One of the key reasons Dr. Tannenwald cites as to why business tax cuts don’t actually promote economic growth was the fact that taxes represent a very small portion of the total costs of doing business. On average, taxes represent about 2-3% of the costs of doing business. This means that even minor changes in the costs of labor, transportation, or utilities can far exceed large reductions in business taxes.

For example, let’s consider business taxes and private wages in West Virginia and our neighboring states. According to the Bureau of Economic Analysis, in 2009, there were 577,386 private wage and salary employees in West Virginia. Private business paid out about $20.7 billion in wages, which gives an average hourly wage of $17.94, using 577,386 employees and 2,000 hours of work in a year.
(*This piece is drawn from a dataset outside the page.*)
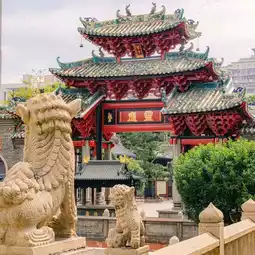 The Wanfu Terrace, Confucius Temple, Ip Man Hall, Huang Feihong Memorial Hall, etc. in the temple...

West Virginia’s average hourly private wage is the lowest of its surrounding states, ranging from $0.69 lower than Kentucky to $6.71 lower than Maryland. The table below shows the value of this wage differential for West Virginia.

 

Hourly Wage Difference from West Virginia

Value of Wage Differential (2000 hours, 577,386 private employment)

KY

+$0.69

$795 million

MD

+$6.71

$7.75 billion

OH

+$2.56

$2.95 billion

PA

+$3.99

$4.61 billion

VA

+$6.38

$7.37 billion

In other words, if businesses in West Virginia paid the same wages as businesses in Kentucky, it would cost them an addition $795 million, an addition $7.75 billion if using Maryland’s wages and so on.
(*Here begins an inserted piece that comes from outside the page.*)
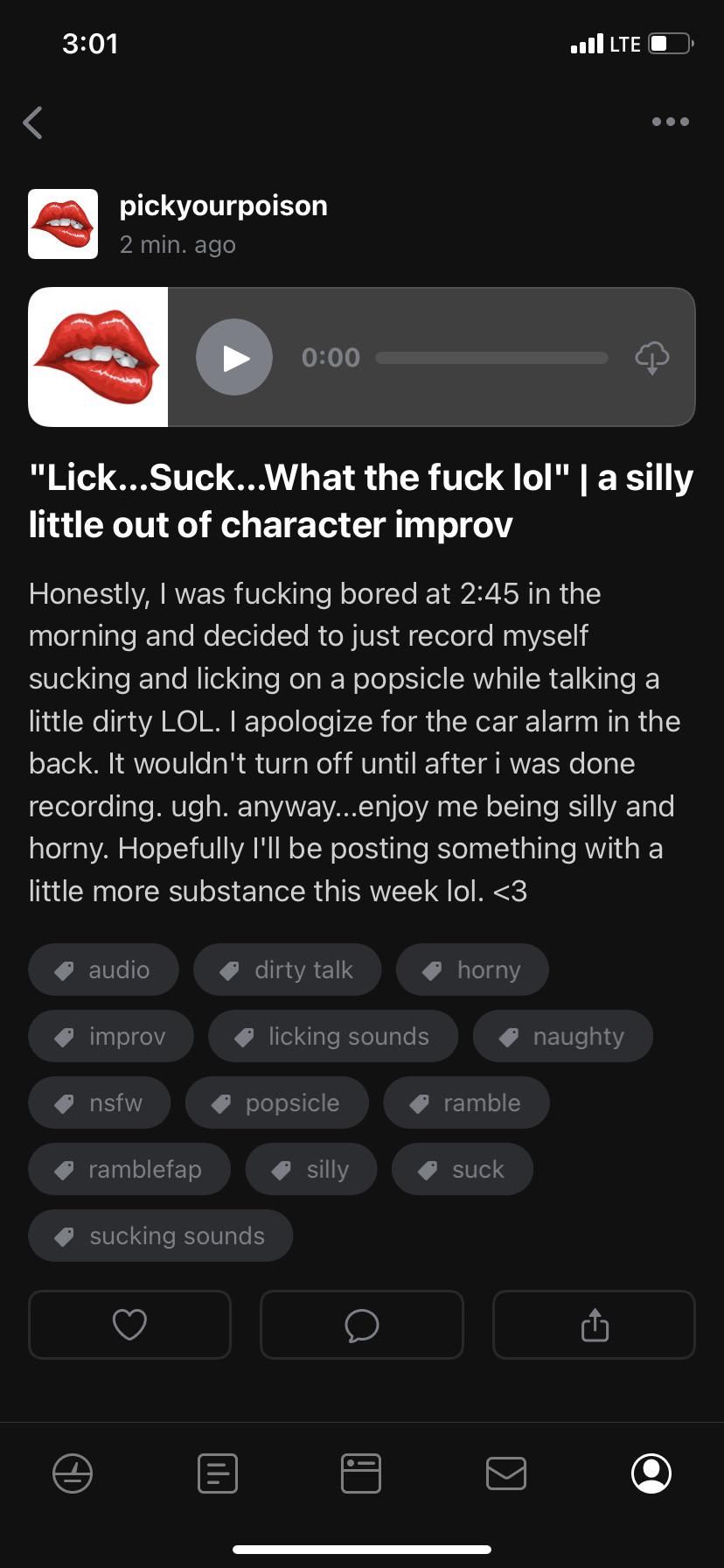 | - | [F4M] lick, suck, what the fuck lol [random][silly][improv][licking sounds][sucking sounds][slight gag sound][dirty talk][i wish.m4a | 7482014 | 2022-12-09 18:12:28 |

Now compare those numbers to taxes. According to the Council on State Taxation, businesses in West Virginia paid a total of $3.5 billion in state and local taxes in 2009.  And as the above table shows, the entirety of West Virginia’s business taxes can be offset by differences in wages of the surrounding states.

In fact, suppose West Virginia’s business taxes were cut by a third, from $3.5 billion to a little over $2.3 billion. The savings would be erased by only an $1.00 increase in average hourly wages. 

And this exercise only looks at one factor, wages. And if minor changes in wages can offset major tax cuts,
 it is easy to imagine
what changes in other factors like utilities, transportation, benefits, or occupancy can have all at the same time. When the effects of tax cuts can so easily be drowned out, then their efficiency as an economic development tool is certainly questionable.